A Labor-Greens alliance: now that’s a good idea

The Age has reported that Greens leader Richard Di Natale has declared he would “relish” the chance to serve as health minister in a future Labor-Greens coalition government, and suggested colleagues such as Larissa Waters could also serve in cabinet in charge of portfolios such as environment.

Greens Senator Richard Di Natale Talking about an alliance with the Labor Party
Greens Senator Richard Di Natale Talking about an alliance with the Labor Party

One of the problems with our democracy is that a party that attracted between 10% and 15% of the popular vote does not enjoy that proportion of the representation in Parliament.

One way to change the situation is to move towards electoral system is similar to that in New Zealand but it is highly unlikely that the two main parties would contemplate something that would mean an equitable power-sharing with minor parties.

One possible outcome is that there is an alliance between the Greens and Labor.

Labor is effectively the beneficiary of Greens preferences, yet has made no attempt whatsoever to incorporate any of the Green’s policies into the Labor Party  policy platform, something that must irritate Greens voters who allocate their preferences to the Labor Party

The simple facts of the matter appear to be that Labor will never be able to form government without Green preferences and it might be a good time to consider recognising this political reality.

In the light of  Di Natale’s comments, expect a ferocious backlash from the Labor Party. It is probably a long time before these two parties will form what appears to be very natural alliance.

So here’s the scenario.

Labor and the Greens get into bed together and work out an agreement about inner-city seats, who stands where, swapping of references and ensures that Greens voters have 15% of the representation in the lower house.

So here is the other scenario.

Centralist and left-leaning conservative Prime Minister Malcolm Turnbull decides to do a deal with the Greens. He decides that the future of the Liberal party lies in jettisoning the extreme right and the National party. It didn’t work for Tony Abbott and it isn’t going to work in the  future.  So he decides to do a political deal that shifts the tectonic plates.

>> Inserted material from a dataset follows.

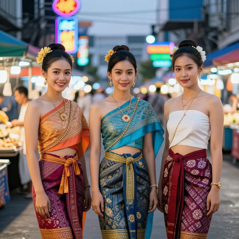 Photograph of three Asian women in traditional Thai attire, standing on a busy evening street market, wearing colorful sarongs, gold jewelry, and floral hair

This is the kind of transition to the future that Menzies was able to bring about for the Liberal party in the 50s.

So Turnbull forms alliance with the Greens.

This alienates the right wing of his party which splits off and forms an extreme anti-Islamic,  anti-immigration, homophobic, climate denial, right wing, Cory Bernardi based splinter group whose electoral support is minimal.

The new Green/Liberal  centralist party also draws in environmentally concerned members of the Labor Party.

Suddenly Turnbull has the Liberal’s party’s 40% of the primary vote plus 10 to 15% from the Greens,  plus the left-wing of the environmentally concerned rural National party and an unassailable Parliamentary majority.

The people who think seriously about the future of the Labor Party in Australia should be very concerned about the scenario.

Malcolm Turnbull has the potential to transform the Liberal Party in a way that Menzies did.

He will write himself into history.

And that’s probably all he is concerned about.